You’ll observe that we will use IDataView properties and (extension) methods in this article to stay as close as possible to the following schema:

# Introducing the Box Plot

The box plot (a.k.a. box and whisker diagram) is a standardized way of displaying the distribution of data. It is based on the five number summary:

- minimum,
- first quartile,
- median,
- third quartile, and
- maximum.

In the simplest box plot the central rectangle spans the first quartile to the third quartile: the interquartile range or IQR – **the likely range of variation**. A segment inside the rectangle shows the median (**the typical value**) and “whiskers” above and below the box show the locations of the minimum and maximum. The so-called Tukey boxplot uses the lowest value still within 1.5 IQR of the lower quartile, and the highest value still within 1.5 IQR of the upper quartile respectively as minimum and maximum. It represents the values outside that boundary (**the extreme values**) as ‘outlier’ dots:

The box plot can tell you about your outliers and what their values are. It can also tell you if your data is symmetrical, how tightly your data is grouped, and if and how your data is skewed.
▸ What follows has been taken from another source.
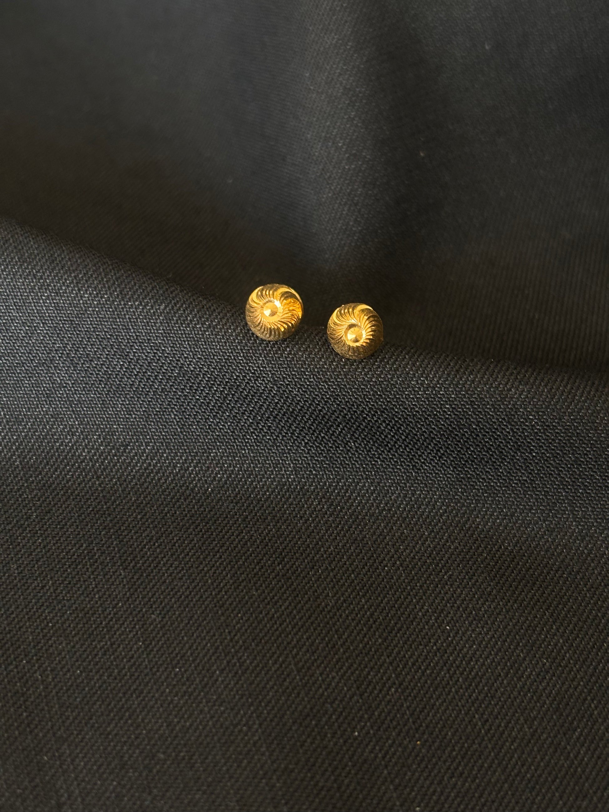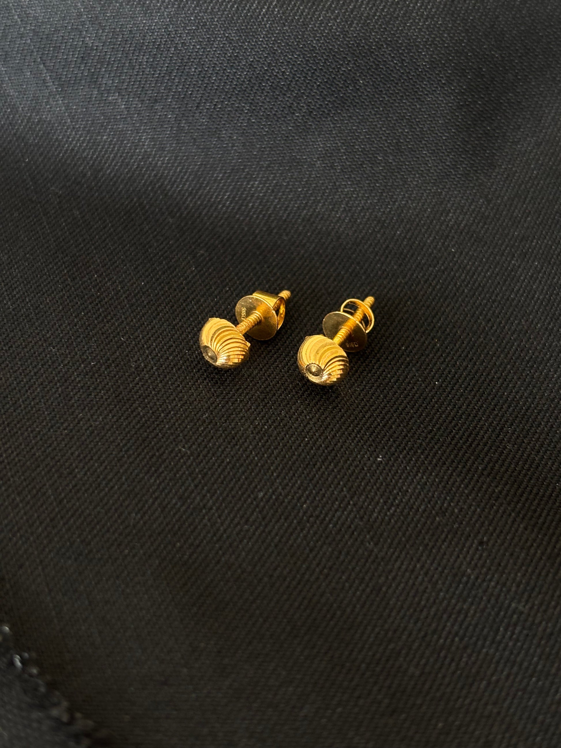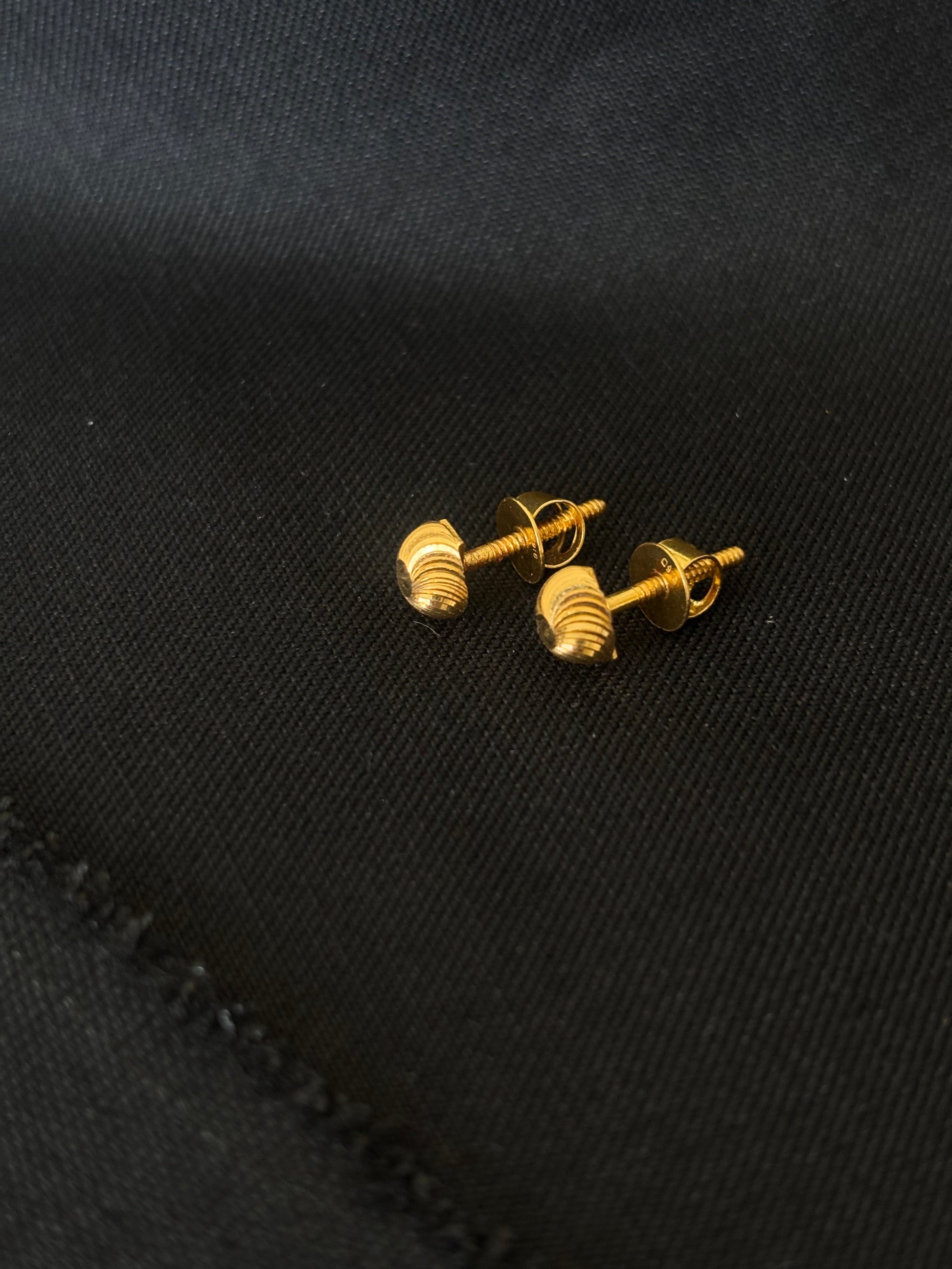 22K yellow gold stud earrings. Featuring a clean, modern design, possibly with a subtle texture or ridge on the cap, these versatile screw-back earrings offer comfortable and secure wear, perfect for everyday sophistication.

Box plots may reveal whether or not you should use all of the values for training the model, and which algorithm you should prefer (some algorithms assume a symmetrical distribution). Here’s an article with more details on how to interpret box plots.

## Box plot in OxyPlot

Most of the data visualization frameworks for UWP support box plots, and OxyPlot is not an exception. All you need to do is insert a PlotView control in your XAML:

<oxy:PlotView x:Name="RegressionDiagram" Background="Transparent" BorderThickness="0" />

The control’s PlotModel is populated with a BoxPlotSeries that is displayed against a CategoryAxis for the property names and a LinearAxis for the values. Check the previous articles in this blog series on how to do define a model and its axes in XAML and C#.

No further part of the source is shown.